**How to complete this task**
Exclude images; transcribe the rest of the data exactly.

**Dataset records**
- Opening Delimiter -
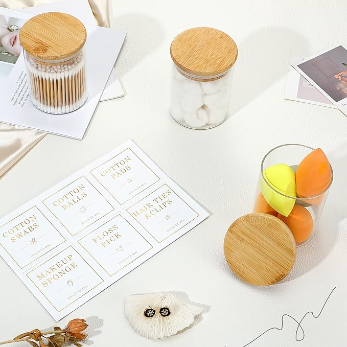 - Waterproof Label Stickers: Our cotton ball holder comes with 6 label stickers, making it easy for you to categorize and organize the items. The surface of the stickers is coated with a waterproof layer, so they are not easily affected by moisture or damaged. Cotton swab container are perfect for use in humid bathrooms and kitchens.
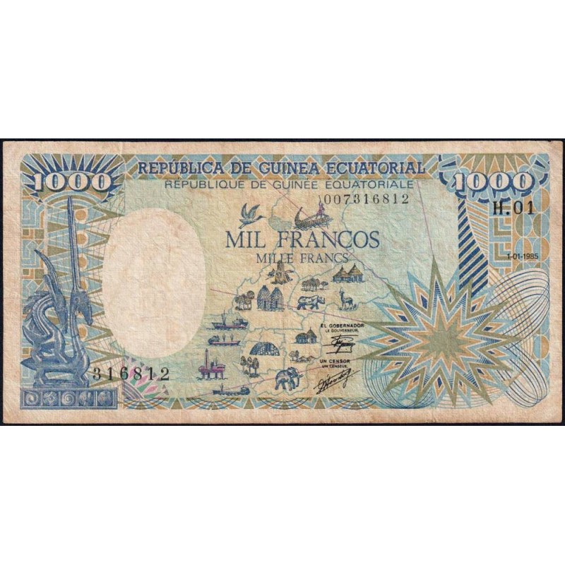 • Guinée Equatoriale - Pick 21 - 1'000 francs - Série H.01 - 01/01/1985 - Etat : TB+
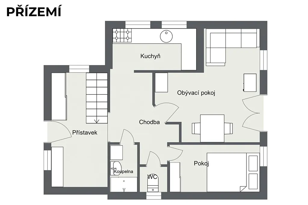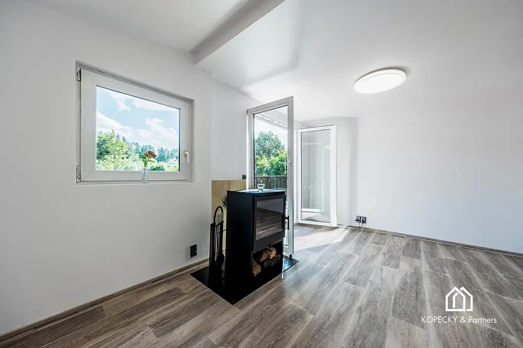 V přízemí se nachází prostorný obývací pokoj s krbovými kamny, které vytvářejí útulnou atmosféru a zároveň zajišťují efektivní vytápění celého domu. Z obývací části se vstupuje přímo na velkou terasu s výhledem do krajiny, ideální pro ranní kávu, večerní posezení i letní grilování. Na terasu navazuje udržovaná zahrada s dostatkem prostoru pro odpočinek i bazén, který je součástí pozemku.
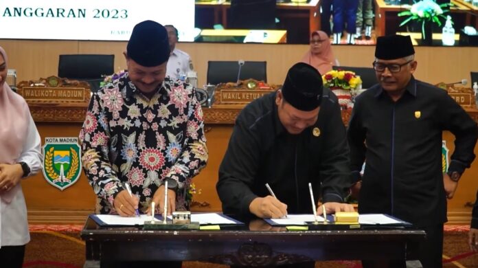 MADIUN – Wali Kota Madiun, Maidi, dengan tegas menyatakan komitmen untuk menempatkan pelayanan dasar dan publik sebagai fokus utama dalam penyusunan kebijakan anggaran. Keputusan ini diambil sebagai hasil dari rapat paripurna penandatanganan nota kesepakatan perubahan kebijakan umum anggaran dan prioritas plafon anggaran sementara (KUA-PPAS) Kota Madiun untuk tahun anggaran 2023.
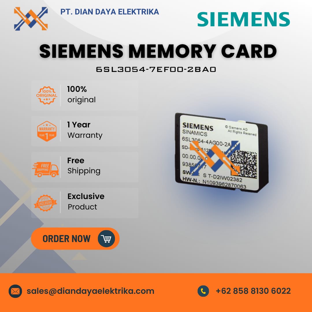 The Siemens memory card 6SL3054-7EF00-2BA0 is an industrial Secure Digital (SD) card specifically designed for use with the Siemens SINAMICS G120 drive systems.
- Closing Delimiter -
**Your solution**
 - Waterproof Label Stickers: Our cotton ball holder comes with 6 label stickers, making it easy for you to categorize and organize the items. The surface of the stickers is coated with a waterproof layer, so they are not easily affected by moisture or damaged. Cotton swab container are perfect for use in humid bathrooms and kitchens.
 • Guinée Equatoriale - Pick 21 - 1'000 francs - Série H.01 - 01/01/1985 - Etat : TB+
 V přízemí se nachází prostorný obývací pokoj s krbovými kamny, které vytvářejí útulnou atmosféru a zároveň zajišťují efektivní vytápění celého domu. Z obývací části se vstupuje přímo na velkou terasu s výhledem do krajiny, ideální pro ranní kávu, večerní posezení i letní grilování. Na terasu navazuje udržovaná zahrada s dostatkem prostoru pro odpočinek i bazén, který je součástí pozemku.
 MADIUN – Wali Kota Madiun, Maidi, dengan tegas menyatakan komitmen untuk menempatkan pelayanan dasar dan publik sebagai fokus utama dalam penyusunan kebijakan anggaran. Keputusan ini diambil sebagai hasil dari rapat paripurna penandatanganan nota kesepakatan perubahan kebijakan umum anggaran dan prioritas plafon anggaran sementara (KUA-PPAS) Kota Madiun untuk tahun anggaran 2023.
 The Siemens memory card 6SL3054-7EF00-2BA0 is an industrial Secure Digital (SD) card specifically designed for use with the Siemens SINAMICS G120 drive systems.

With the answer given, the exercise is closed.